### [Data to examine]
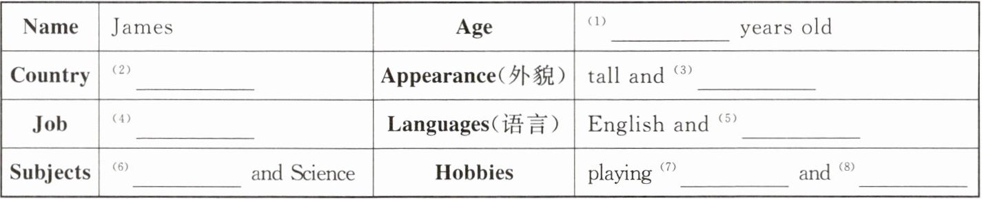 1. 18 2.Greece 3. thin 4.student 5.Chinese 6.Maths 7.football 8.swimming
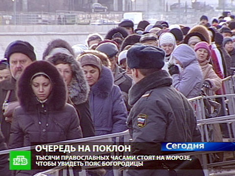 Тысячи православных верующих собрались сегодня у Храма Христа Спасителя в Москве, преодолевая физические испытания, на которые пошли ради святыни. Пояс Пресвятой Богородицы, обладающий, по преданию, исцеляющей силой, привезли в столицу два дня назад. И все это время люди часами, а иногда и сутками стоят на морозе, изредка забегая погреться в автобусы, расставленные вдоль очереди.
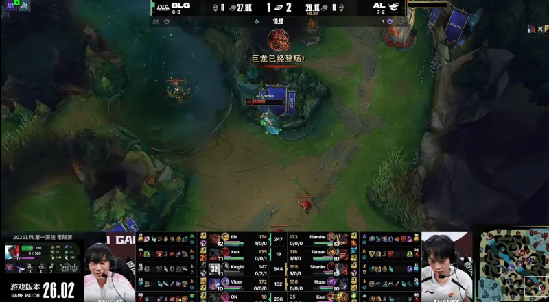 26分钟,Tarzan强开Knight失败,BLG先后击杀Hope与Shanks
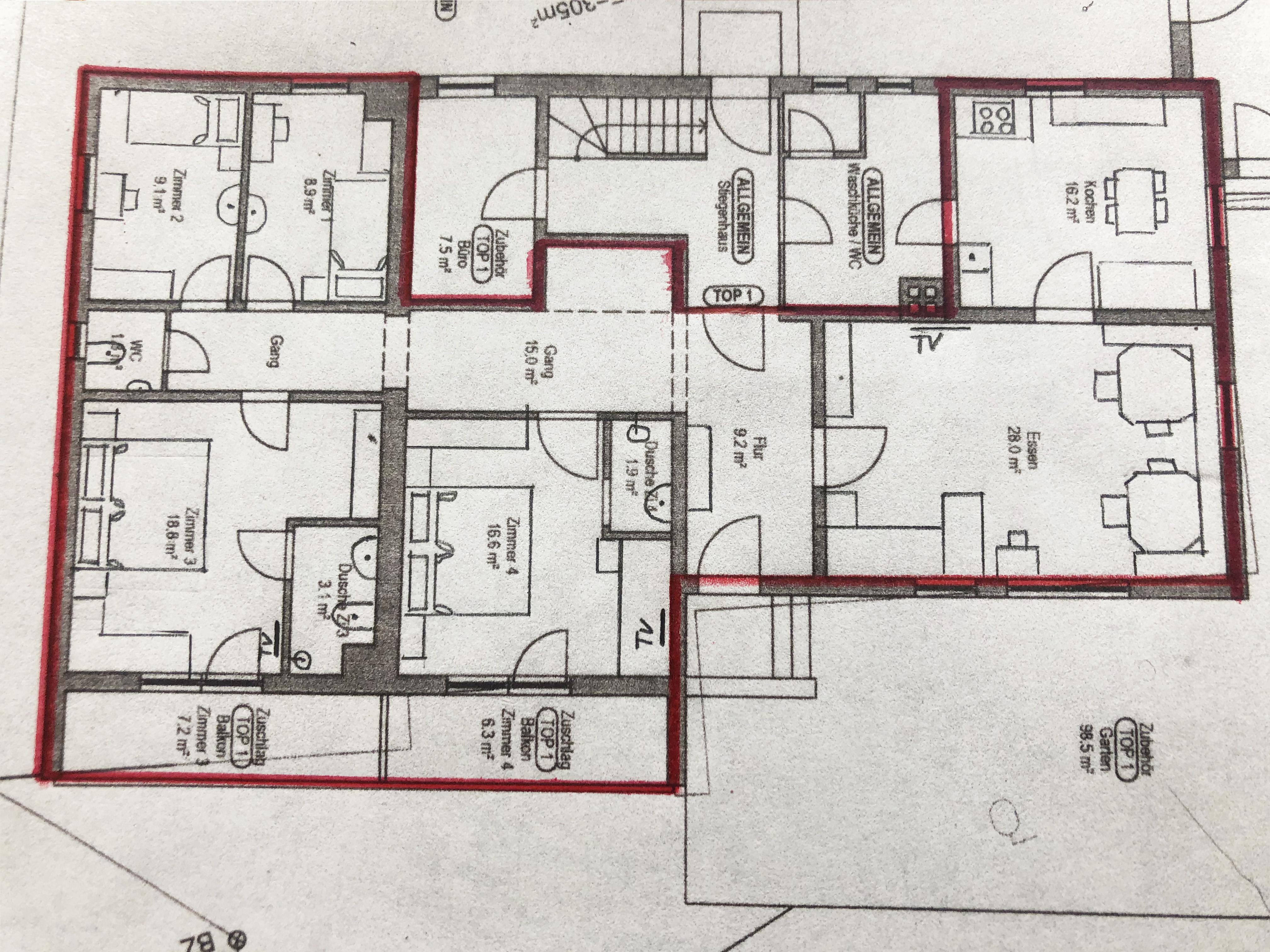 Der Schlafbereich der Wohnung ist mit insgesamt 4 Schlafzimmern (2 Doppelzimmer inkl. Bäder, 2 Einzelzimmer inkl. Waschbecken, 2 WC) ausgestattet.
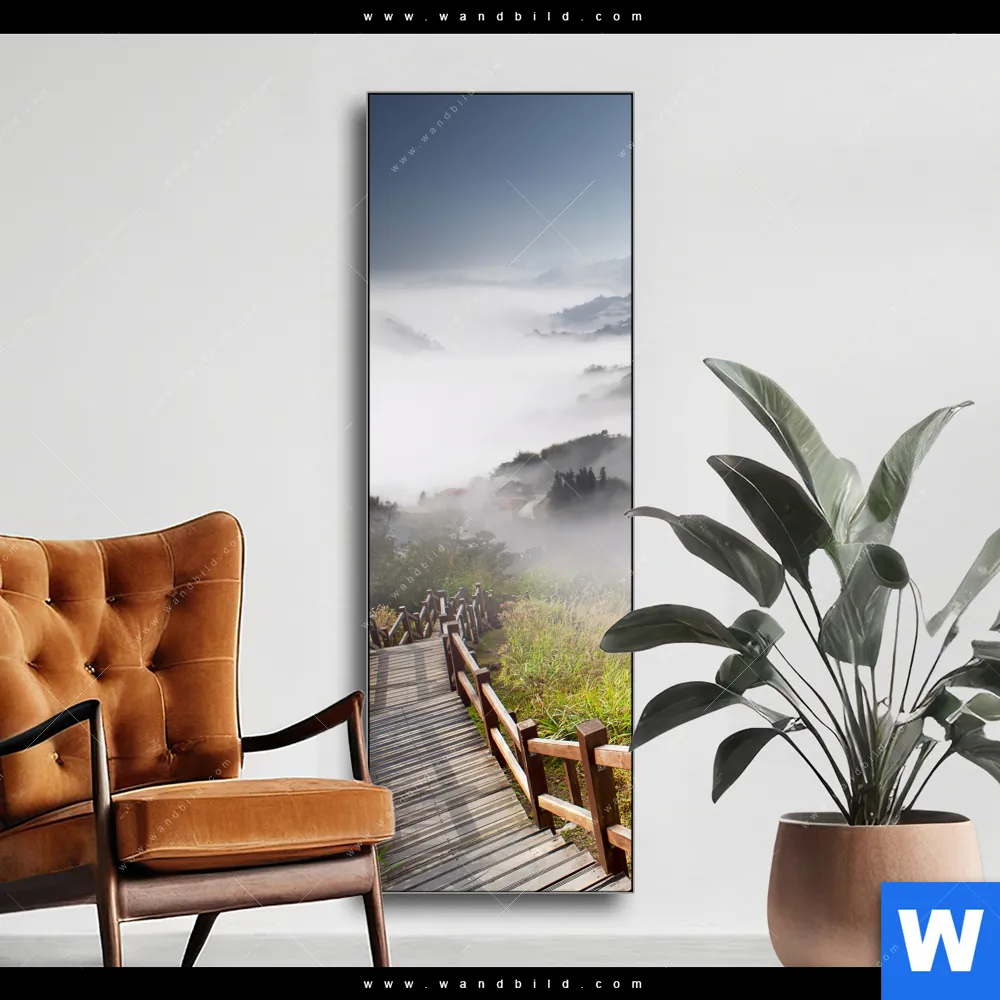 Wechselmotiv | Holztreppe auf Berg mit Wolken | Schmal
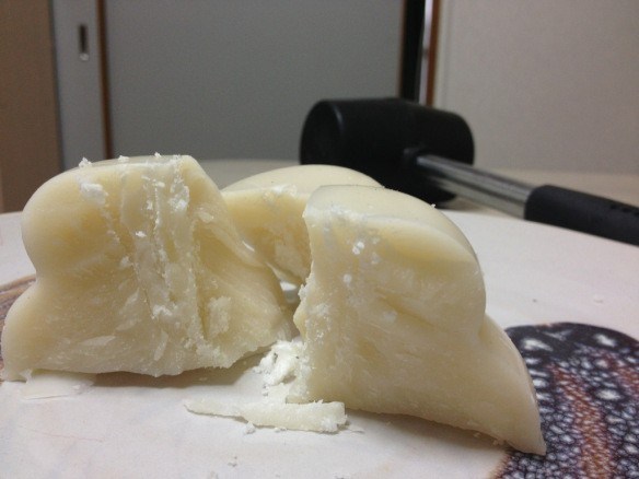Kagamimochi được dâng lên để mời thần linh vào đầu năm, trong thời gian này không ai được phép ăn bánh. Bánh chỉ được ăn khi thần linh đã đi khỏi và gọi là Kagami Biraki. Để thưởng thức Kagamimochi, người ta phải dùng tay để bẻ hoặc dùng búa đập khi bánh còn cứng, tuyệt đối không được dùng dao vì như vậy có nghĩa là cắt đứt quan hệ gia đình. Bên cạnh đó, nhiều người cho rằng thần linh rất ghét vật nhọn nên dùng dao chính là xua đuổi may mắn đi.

---

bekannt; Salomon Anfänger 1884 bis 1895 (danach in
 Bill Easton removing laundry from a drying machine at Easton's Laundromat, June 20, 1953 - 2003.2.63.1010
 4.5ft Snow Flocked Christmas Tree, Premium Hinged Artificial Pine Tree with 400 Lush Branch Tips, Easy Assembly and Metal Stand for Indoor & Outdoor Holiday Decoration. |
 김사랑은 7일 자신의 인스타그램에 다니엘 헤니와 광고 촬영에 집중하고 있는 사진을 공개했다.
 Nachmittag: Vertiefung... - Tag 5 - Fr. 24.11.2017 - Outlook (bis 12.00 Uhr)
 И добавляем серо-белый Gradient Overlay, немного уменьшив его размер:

### [Problem to solve]
Copy needed, without pictures: the lines of the listing above from the line containing "Тысячи православных верующих" up to and including the line containing "Wechselmotiv | Holztreppe", set down exactly.

### [The answer]
 Тысячи православных верующих собрались сегодня у Храма Христа Спасителя в Москве, преодолевая физические испытания, на которые пошли ради святыни. Пояс Пресвятой Богородицы, обладающий, по преданию, исцеляющей силой, привезли в столицу два дня назад. И все это время люди часами, а иногда и сутками стоят на морозе, изредка забегая погреться в автобусы, расставленные вдоль очереди.
 26分钟,Tarzan强开Knight失败,BLG先后击杀Hope与Shanks
 Der Schlafbereich der Wohnung ist mit insgesamt 4 Schlafzimmern (2 Doppelzimmer inkl. Bäder, 2 Einzelzimmer inkl. Waschbecken, 2 WC) ausgestattet.
 Wechselmotiv | Holztreppe auf Berg mit Wolken | Schmal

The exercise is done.